Schumacher, "Tasarımın ana itici gücü, mimarimizin uygunluğunu kullanıcı deneyimiyle kullanmak ve tasarım anlayışımızı ve yöntemlerimizi sanal alem tarafından sunulan belirli fırsatlar ve kısıtlamaları ele alacak şekilde uyarlamaktır. Metaverse, alanların sanal kullanımını sağlayan yenilikçi ve tescilli VR etkileşim teknolojisini sağladı.” dedi. Zaha Hadid Architects'in Metaverse'inin bu dünya dışı özelliklerinden bazıları arasında havada asılı çatılar, enerji verimliliğini dikkate almaya gerek olmayan muazzam iç mekanlar ve içlerindeki kullanıcı sayısına göre genişleyip küçülebilen oditoryumlar yer alıyor.
Metaverse hala geliştirmenin planlama aşamasında olmasına rağmen; Schumacher, dünya pandeminin esasen herkesi içine attığı dijital ortama uyum sağlamaya devam ettikçe bu sanal şehirlerin daha yaygın hale geleceğine inanıyor.

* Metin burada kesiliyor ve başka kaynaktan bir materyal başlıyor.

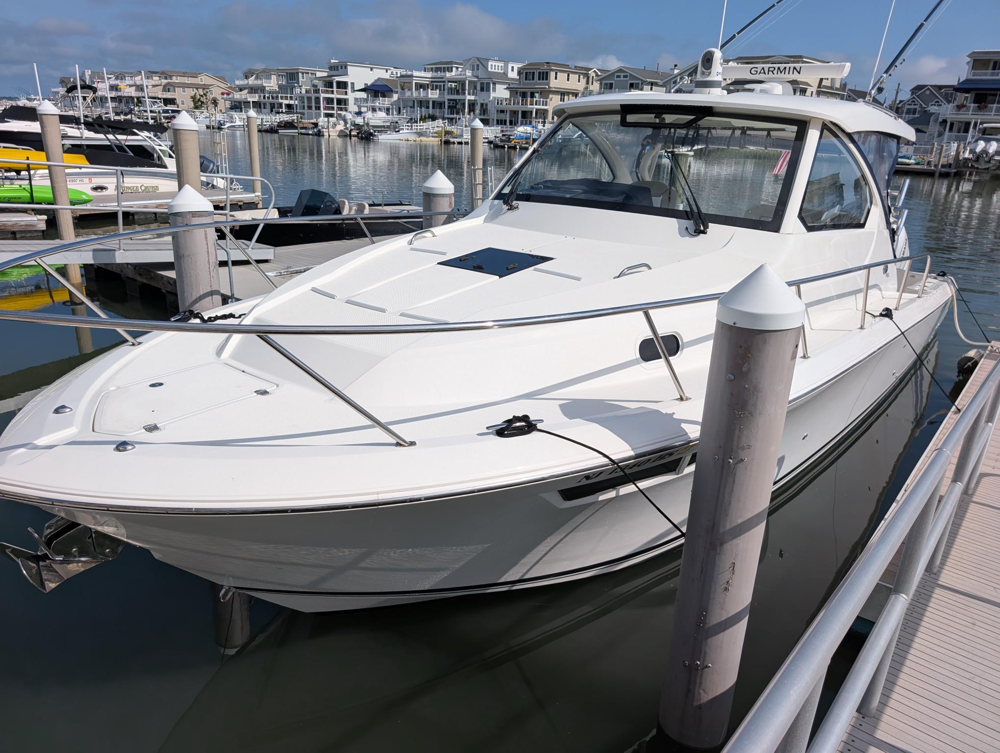 The 2022 Pursuit OS 355 is packed with features that enhance both its functionality and comfort. The spacious cockpit is designed for socializing and relaxation, providing plenty of seating for guests and family members. The helm station is equipped with intuitive controls and clear instrumentation, ensuring that the captain has everything needed for safe and enjoyable navigation. The cabin below offers a welcoming retreat, with ample headroom and well-appointed finishes that create a luxurious atmosphere.This cruiser boat for sale is built with quality materials and attention to detail, ensuring durability and longevity. The deck layout is optimized for both leisure and activity, making it easy to transition from sunbathing to fishing or entertaining. Storage compartments are thoughtfully integrated throughout the boat, providing convenient spaces for gear, equipment, and personal items.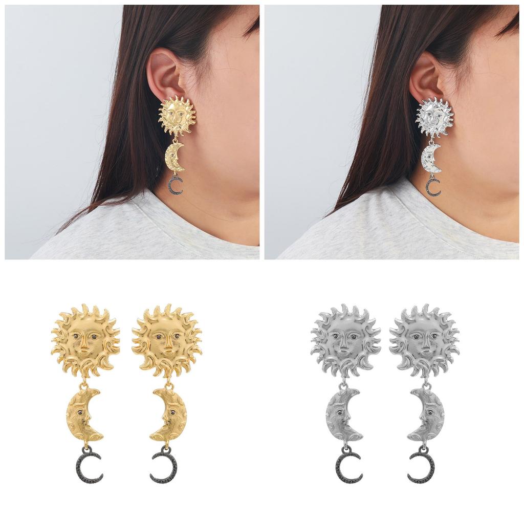 Artistic Sun And Moon Dangle Earrings Zinc Alloy Drop Earrings Sun Moon Ear Studs For Beach Vacation Party Outfit
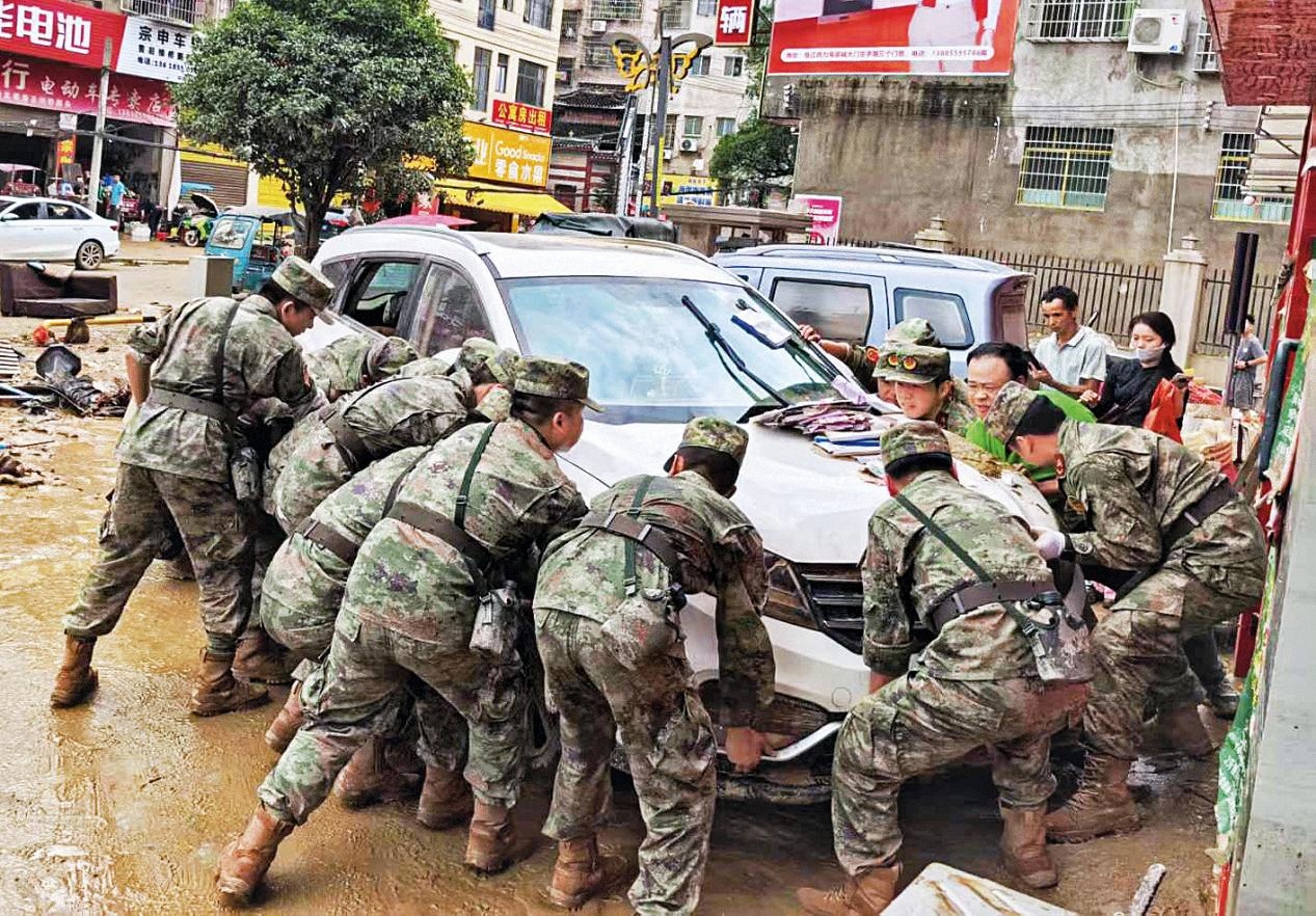 “大家趕緊收拾重要物品,往高處撤離!”“暴雨還在下,動(dòng)作再快些!”一聲聲急切的呼喊在高山深谷間回蕩,催促著大家爭分奪秒與洪水賽跑。救災(zāi)現(xiàn)場民兵們冒著雨、流著汗,向著最險(xiǎn)處、最急處挺進(jìn)。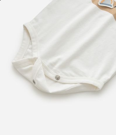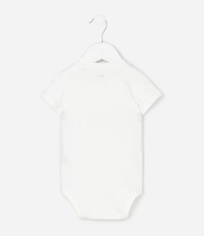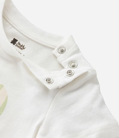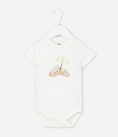 Ref: Body infantil confeccionado em algodão mais sustentável, com gola americana, manga curta, com estampa de praia interativa e possui fechamento no entrepernas.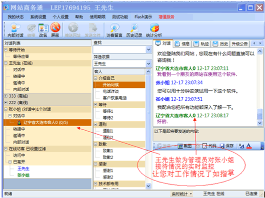 公司的管理人员,可看到下面所有操作人员与访客的对话;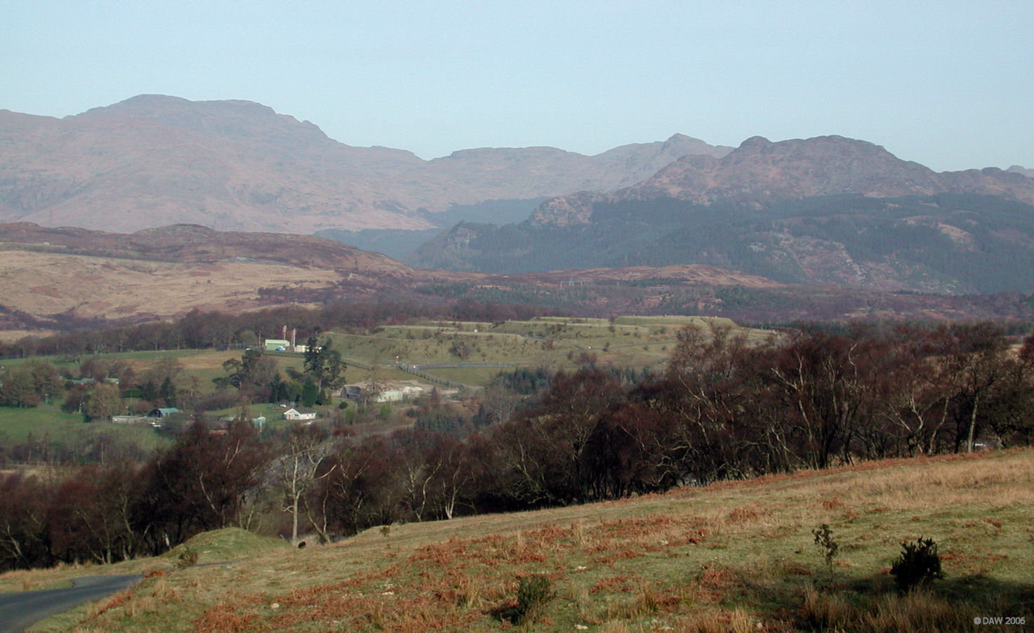 Some of the oil storage tanks on the hills above the Faslane Oil fuel storage depot. The 'Arochar Alps' are in the background.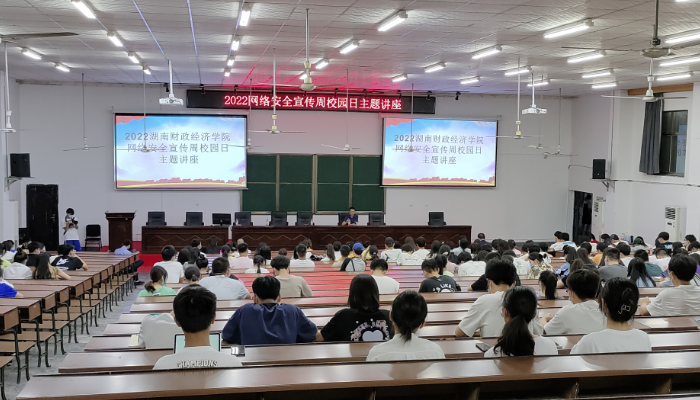 (本网讯)2022年国家网络安全宣传周于9月5日至11日在全国范围内统一开展,主题为“网络安全为人民,网络安全靠人民”。为贯彻落实国家网络安全宣传周活动要求,9月6日,永利在二教学楼阶梯一教室举办网络安全宣传周校园日主题讲座。长沙市岳麓区公安局网络安全教官易灿辉和永利学生工作处思想政治教育科副科长周雅担任主讲人,全校近200名学生到场聆听。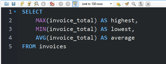 the max, min, and avg values as highest, lowest, average of the invoice total on the invoices table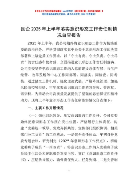 / 国企2025年上半年落实意识形态工作责任制情况自查报告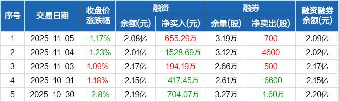 融资方面,当日融资买入1620.31万元,融资偿还965.02万元,融资净买入655.29万元。融券方面,融券卖出800股,融券偿还100股,融券余量3.19万股,融券余额86.26万元。融资融券余额合计2.09亿元。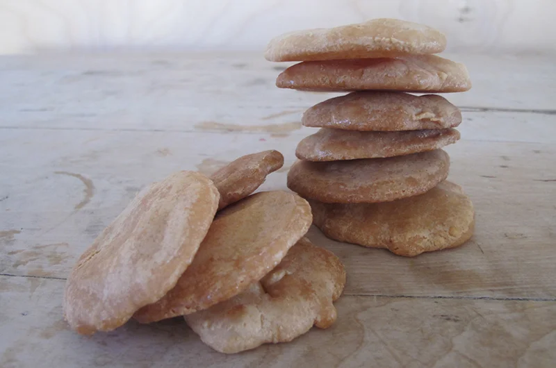 Forvarm ovnen til 180 grader. Stek marsipanchipsen i cirka 5-6 minutter til de akkurat begynner å få en gylden farge. Ta de ut av ovnen og la de hvile på rist til de er sprø og kalde.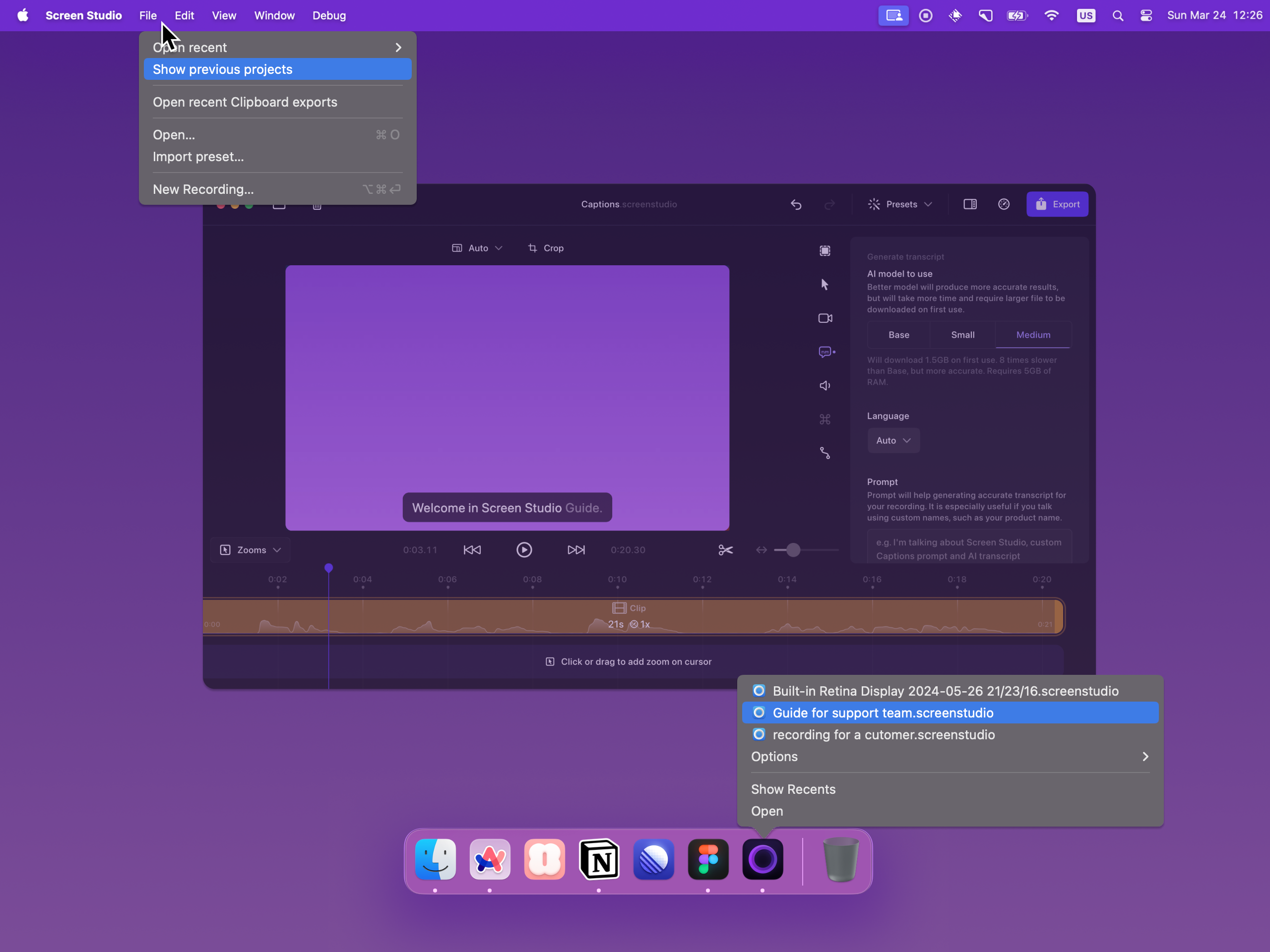 Open recent 会显示最近创建或编辑的项目列表。您也可以右键点击 Dock 中的 Screen Studio 应用图标来查看最近的项目。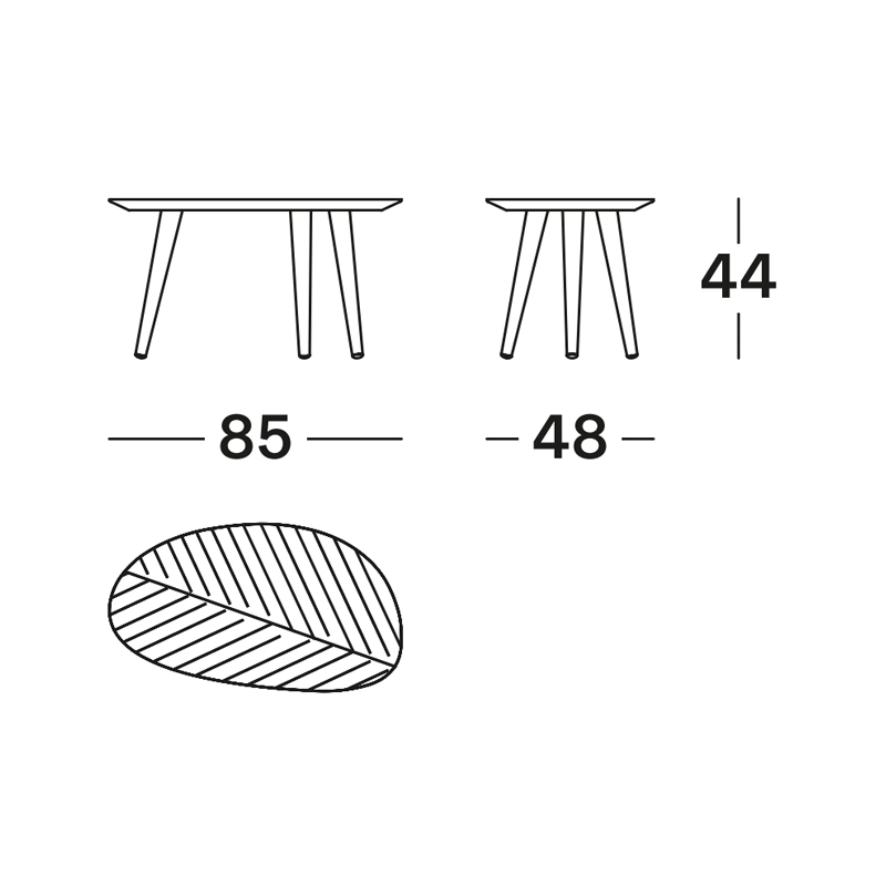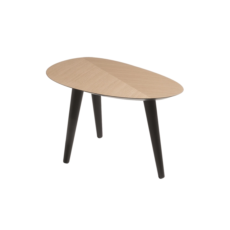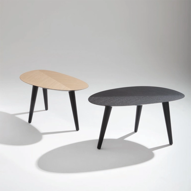 Following on from the Tweed dining tables, Garcia Cumini and Zanotta are offering Tweed mini, a coffee table available in three sizes. The small Tweed Mini tables can be used on their own or as compositions of several models, playing with the different overlapping heights for an ensemble full of character. The tray of Tweed Mini stands out for its organic shape and impressive surface, requiring extremely precise work, which gives it an unusual perception, changing depending on the point of view. Thin sheets of solid oak or Canaletto walnut wood are carefully placed side by side until the natural lines of the wood create a graphic sign in continuity with the diagonal line that separates the two parts of the table top, almost as if it were forming the veins of a leaf. Depending on, the model, each Tweed Mini table is mounted on three or four matt black tubular steel legs, guaranteeing perfect stability.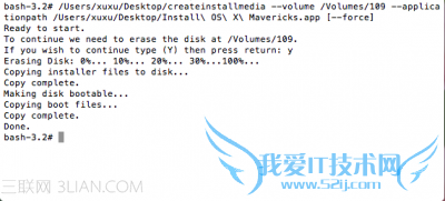 6. 敲入命令 :/Users/xuxu/Desktop/createinstallmedia --volume /Volumes/109 --applicationpath /Users/xuxu/Desktop/Install OS X Mavericks.app [--force]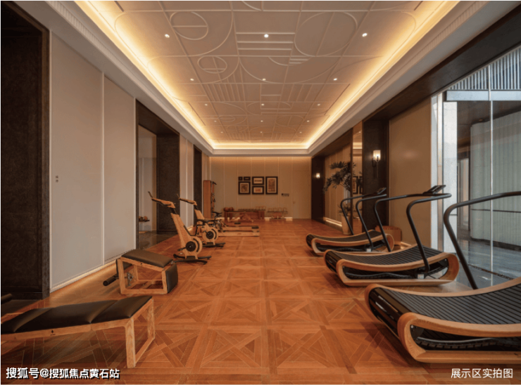 传承百年工艺手工打造拼花地板,隐匿式氛围光模拟塞纳河畔落日,器材选择上,为业主定制的沃特罗伦(WaterRower)品牌健身房, 全部采用珍贵的全木质健身器材,触感温润细腻

“Kripto-ekosistemdeki girişimci ve teknolojik yaratıcılığın patlaması, orada hala devam eden özgürlük derecelerinin genelleştirilmesi durumunda neler olabileceğini gösteriyor. Şimdi daha fazla özgürlük istiyoruz ve buna ihtiyacımız var. Bu, ancak bir hevesli koalisyonla yeni bir başlangıç yaparak ve mevcut çıkarları ihlal etmeden başarılabilir.”
Ne de olsa, dünyanın en büyük şirketlerinin birçoğu – Meta, Google ve Microsoft, bunlardan birkaçı – çalışanlarının istedikleri kadar evden çalışmasına izin vererek, iyi gelişmiş bir siber sisteme sahip olma ihtiyacını daha da artırdı.